The Bernian Diagram is helpful because it reveals that there are more options than provided in the Imprinting Movie. An individual is not totally Movie Script Bound. Rather, there are moments where one is analytically rational, both giving and receiving of nurture, and a playful child. This is important to keep in mind for perspective's sake.
Main Characters: Coming out of childhood there are three roles to the Movie Script. One role is that of Strong and Hated, another is Weak and Feared, and the third is the Adaptive role. These roles are powerful in the background of the mind and they come forth in later traumatic situations. And, quite strangely, when the person finds an intimate other, the Movie Script comes forth out of fear of deep sharing, vulnerability, and full intimacy.

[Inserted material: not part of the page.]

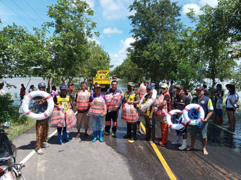 อบต.หินโคน นำโดย นายก รองนายก ปลัด รองปลัด อบต. พนักงานเจ้าหน้าที่ ช่วยเหลือผู้ประสบภัยน้ำท่วมภายในตำบลหินโคน ประจำปี 2565

Marital Example: Reports of changes in personality after marriage reveal both partners retreating to various roles in the Movie Script. Usually, both retreat to the Adaptive role while casting the partner in the role of the Strong and Hated.
Important Note: The repetition of the Movie Script is totally unconscious. The person simply falls into the role while thinking himself, or herself, perfectly rational. There is no awareness of playing a gamey role from the past, no thought of returning to what was familiar in their former childhood home, no consciousness whatsoever of going back to the familiarity of an old routine.
Therapy: A funny twist can occur due to psychotherapy. An individual can wrestle with the Adapted role and make mighty adjustments that grant many more moments free of the Movie Script with the partner.
If the partner does not move, the therapized makes a dramatic shift to the Strong and Hated Role. This, too, is unconscious. A person could be doing an imitation of, say, a Hated father while thinking himself perfectly cool and rational. (Rhett Butler just said "Frankly, my dear, I don't give a damn".)
Therapists need to be aware of this danger because clients may think themselves free, when it is only partial freedom due to a major loss of the Adaptation.
Ironic Spin: Humans want real closeness but the Movie Script militates against that in a most ingenious manner. The person unwittingly feels comfortably normal in the Adapted and Strong and Hated Role, but dreads going into the Weak and Feared Role. Strangely, being vulnerable is equated with being weak when the person still puts the Movie Script on the screen.
Double Bind: When both partners in a marriage are still advancing their Adapted Role, there is a tremendous double bind at work. It is as if the person stridently says: If you don't accept my Adapted Role, you don't love me. Of course, accepting the Adapted Role means the death of real intimacy. Both people have to grow up and cease returning to an ancient drama whose repetition only means the end of love.
Examples: If a person withdrew in the homegrown movie, the new partner will be informed that she or he is to honor the withdrawal or there will be no love. If you don't go along with my magical imaginations, you are a dream breaker. If you confront my motionless rational stance and want me to be emotionally real, you are an anti-intellectual. If you don't go along with my Kewpie Doll Sweetikins routine, you are an un-loving beast. If you want me to play rather than being Big Nurse, you are an unredeemed narcissist. Double binds do not make sense, but they are fiercely held.
Roots of the Adaptation: Prior contributors to the eventual Adaptation that a child takes can come as early as the last trimester in the womb. Succinctly, the defense mechanism of each developmental age offers the ground floor of the subsequent Adaptation that was chosen in the Family Drama. This means that, when the person is lost in the Movie Script at a later age, there is a fierceness to the Adaptation that represents a twist on how the baby clung to life, even though that defense is no longer needed.
Major Problem: I must return to an earlier point, namely that the continuance of the Script Movie is unconscious. An individual human's mind does not think there exist a plurality of roles.